● Exercise data
*-*-*

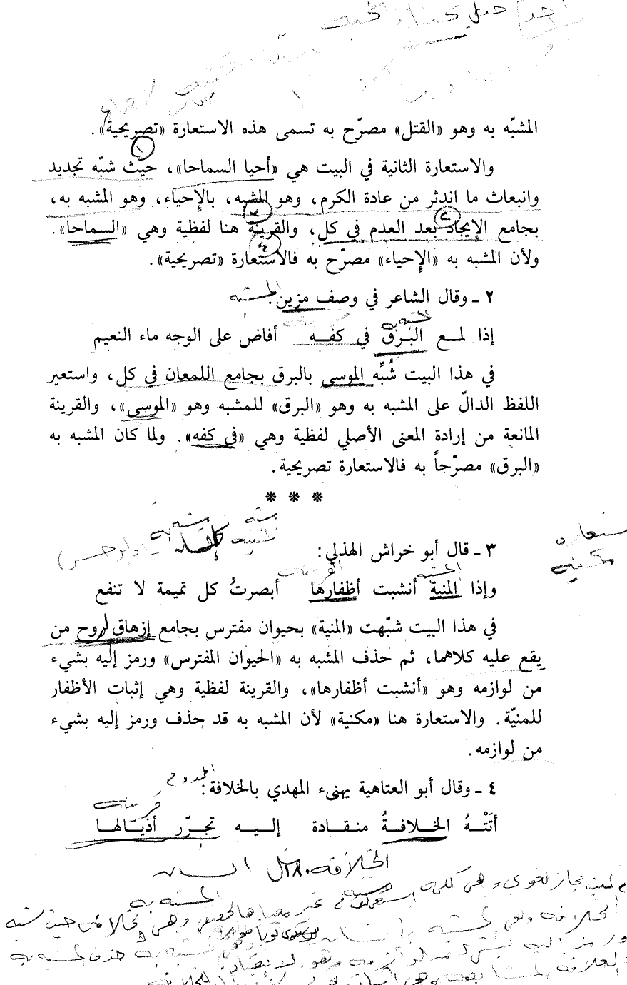 وهو «الموسى»، والقرينة المانعة من إرادة المعنى الأصلي لفظية وهي «في كفه». ولما كان المشبه به «البرق» مصرّحا به فالاستعارة تصريحية.
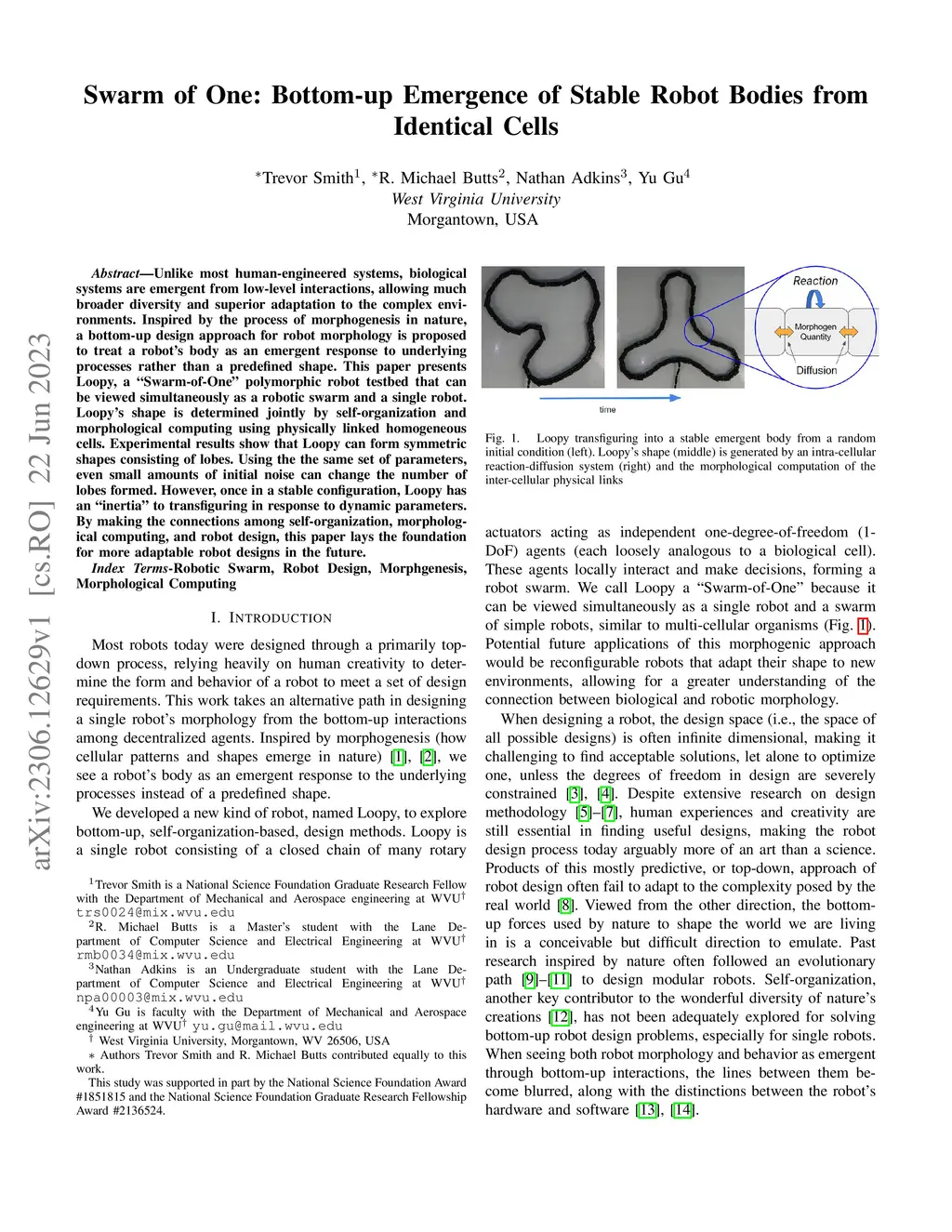 Unlike most human-engineered systems, biological systems are emergent from low-level interactions, allowing much broader diversity and superior adaptation to the complex environments. Inspired by the process of morphogenesis in nature, a bottom-up design approach for robot morphology is proposed to treat a robot's body as an emergent response to underlying processes rather than a predefined shape. This paper presents Loopy, a "Swarm-of-One" polymorphic robot testbed that can be viewed simultaneously as a robotic swarm and a single robot. Loopy's shape is determined jointly by self-organization and morphological computing using physically linked homogeneous cells. Experimental results show that Loopy can form symmetric shapes consisting of lobes. Using the the same set of parameters, even small amounts of initial noise can change the number of lobes formed. However, once in a stable configuration, Loopy has an "inertia" to transfiguring in response to dynamic parameters. By making the connections among self-organization, morphological computing, and robot design, this paper lays the foundation for more adaptable robot designs in the future.
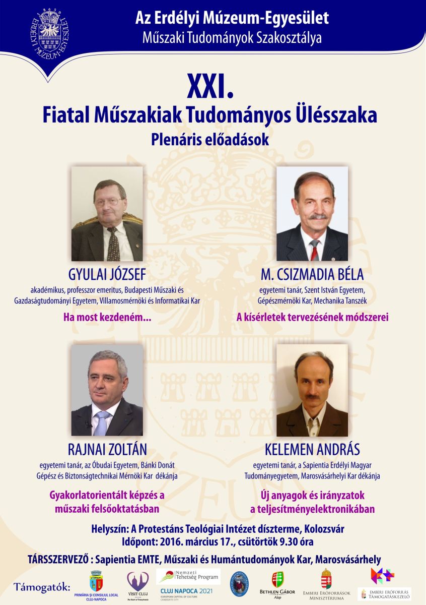 Az Erdélyi Múzeum-Egyesület Műszaki Tudományok Szakosztálya nevében tisztelettel meghívjuk Önt a Fiatal Műszakiak Tudományos Ülésszakának megnyitójára és előadásaira, Kolozsvárra.
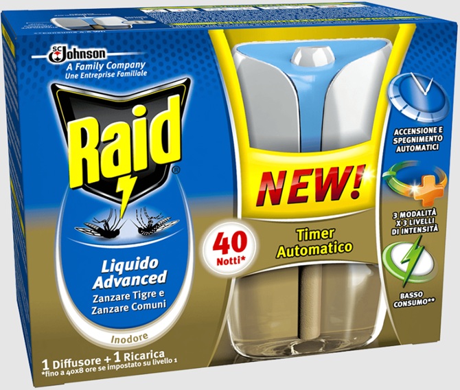 Aparatul electric Raid Liquid ofera protectie continua, timp de 30 nopti (8 ore pe noapte), chiar si cu fereastra usor deschisa si cu lumina aprinsa. Omoara tantarii fara sa mai fie nevoie sa schimbi pastila in fiecare seara. Actioneaza constant pe tot parcursul folosirii, fara a lasa miros de parfum.

*-*-*

● Task objective
Counting the line with "Az Erdélyi Múzeum-Egyesület" and the last line of the data above, transcribe those two lines and every line between them exactly, without the pictures.

● Result of the task
 Az Erdélyi Múzeum-Egyesület Műszaki Tudományok Szakosztálya nevében tisztelettel meghívjuk Önt a Fiatal Műszakiak Tudományos Ülésszakának megnyitójára és előadásaira, Kolozsvárra.
 Aparatul electric Raid Liquid ofera protectie continua, timp de 30 nopti (8 ore pe noapte), chiar si cu fereastra usor deschisa si cu lumina aprinsa. Omoara tantarii fara sa mai fie nevoie sa schimbi pastila in fiecare seara. Actioneaza constant pe tot parcursul folosirii, fara a lasa miros de parfum.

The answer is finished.